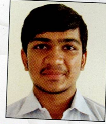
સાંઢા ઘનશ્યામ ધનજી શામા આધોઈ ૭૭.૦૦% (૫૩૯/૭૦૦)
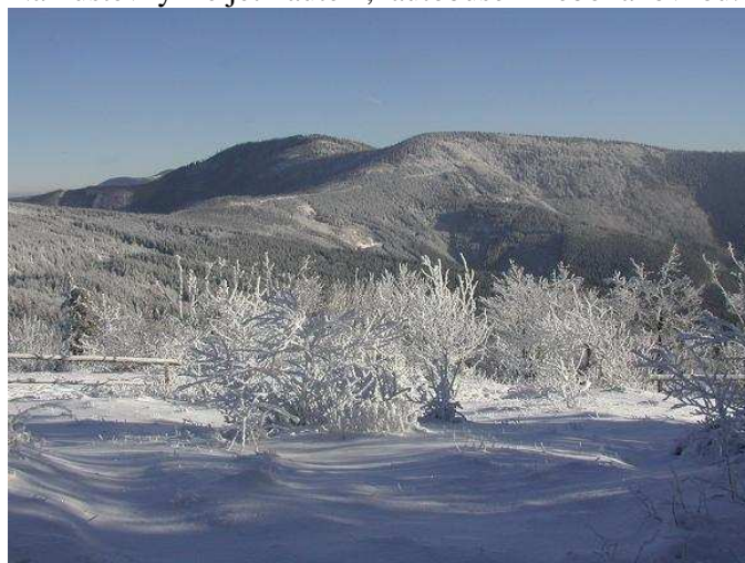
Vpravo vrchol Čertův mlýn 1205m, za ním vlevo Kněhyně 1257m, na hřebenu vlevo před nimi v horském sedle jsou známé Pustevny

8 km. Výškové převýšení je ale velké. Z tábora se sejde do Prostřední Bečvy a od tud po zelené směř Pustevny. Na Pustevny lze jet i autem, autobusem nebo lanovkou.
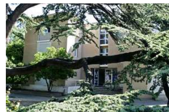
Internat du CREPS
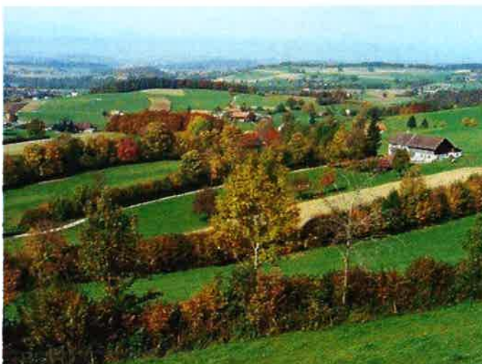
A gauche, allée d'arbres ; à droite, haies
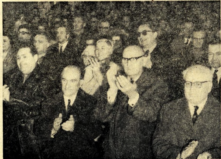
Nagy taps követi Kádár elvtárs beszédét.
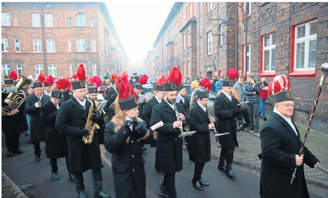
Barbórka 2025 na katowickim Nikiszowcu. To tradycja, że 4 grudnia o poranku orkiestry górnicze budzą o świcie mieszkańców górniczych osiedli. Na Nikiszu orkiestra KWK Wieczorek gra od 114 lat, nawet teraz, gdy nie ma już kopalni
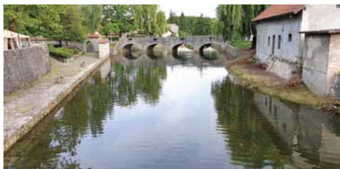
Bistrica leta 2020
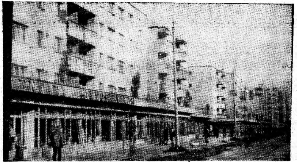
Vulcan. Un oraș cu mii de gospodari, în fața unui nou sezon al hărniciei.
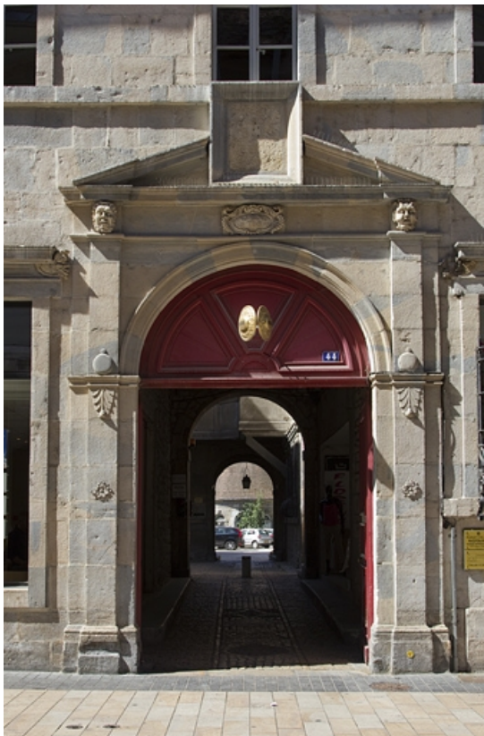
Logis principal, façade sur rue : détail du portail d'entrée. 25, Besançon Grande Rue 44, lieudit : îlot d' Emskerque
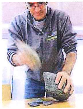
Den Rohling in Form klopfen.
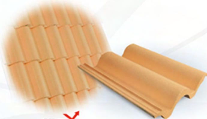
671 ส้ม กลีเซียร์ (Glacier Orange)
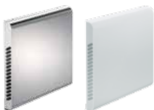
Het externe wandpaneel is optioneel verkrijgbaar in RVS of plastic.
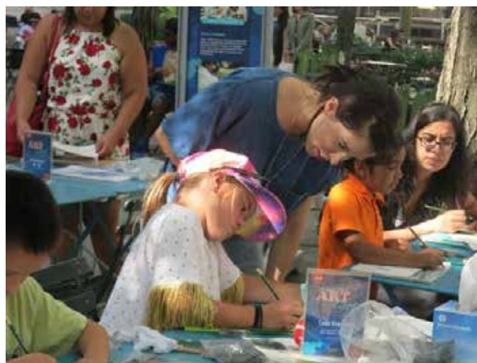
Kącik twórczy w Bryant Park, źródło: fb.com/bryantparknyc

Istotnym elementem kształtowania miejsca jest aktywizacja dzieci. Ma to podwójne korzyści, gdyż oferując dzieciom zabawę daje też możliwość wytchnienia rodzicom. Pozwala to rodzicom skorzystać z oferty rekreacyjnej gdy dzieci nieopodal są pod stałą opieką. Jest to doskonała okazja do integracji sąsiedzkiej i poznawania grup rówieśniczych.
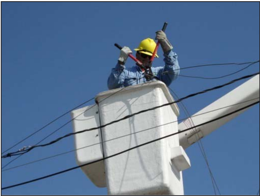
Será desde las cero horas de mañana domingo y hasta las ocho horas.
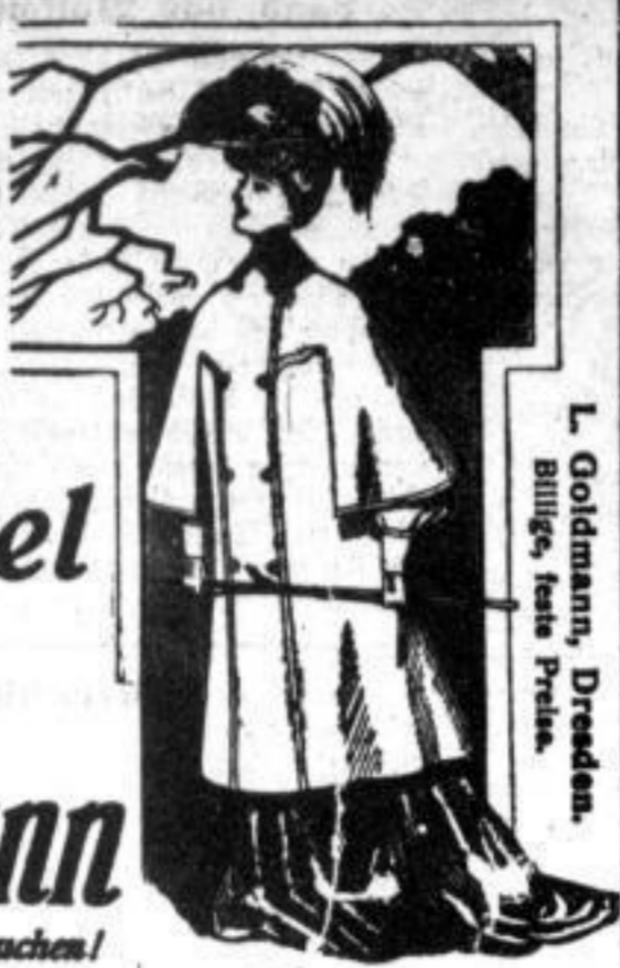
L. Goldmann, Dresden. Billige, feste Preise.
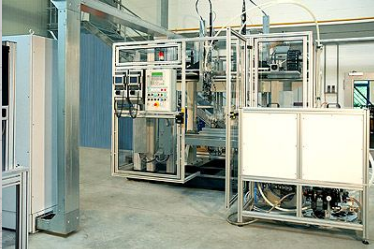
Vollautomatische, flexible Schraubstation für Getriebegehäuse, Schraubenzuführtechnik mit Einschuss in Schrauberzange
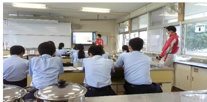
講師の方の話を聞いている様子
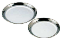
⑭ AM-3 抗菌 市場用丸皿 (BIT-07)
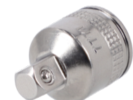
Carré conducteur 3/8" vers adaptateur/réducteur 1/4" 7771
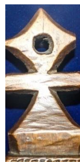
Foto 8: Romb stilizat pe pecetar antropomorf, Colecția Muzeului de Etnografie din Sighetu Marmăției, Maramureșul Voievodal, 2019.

## WHAT YOU SHOULD DO
Give the lines again word for word, from the start of the records to the line holding "Vpravo vrchol Čertův", both included, and leave out any picture.

## EXERCISE RESULT
સાંઢા ઘનશ્યામ ધનજી શામા આધોઈ ૭૭.૦૦% (૫૩૯/૭૦૦)
Vpravo vrchol Čertův mlýn 1205m, za ním vlevo Kněhyně 1257m, na hřebenu vlevo před nimi v horském sedle jsou známé Pustevny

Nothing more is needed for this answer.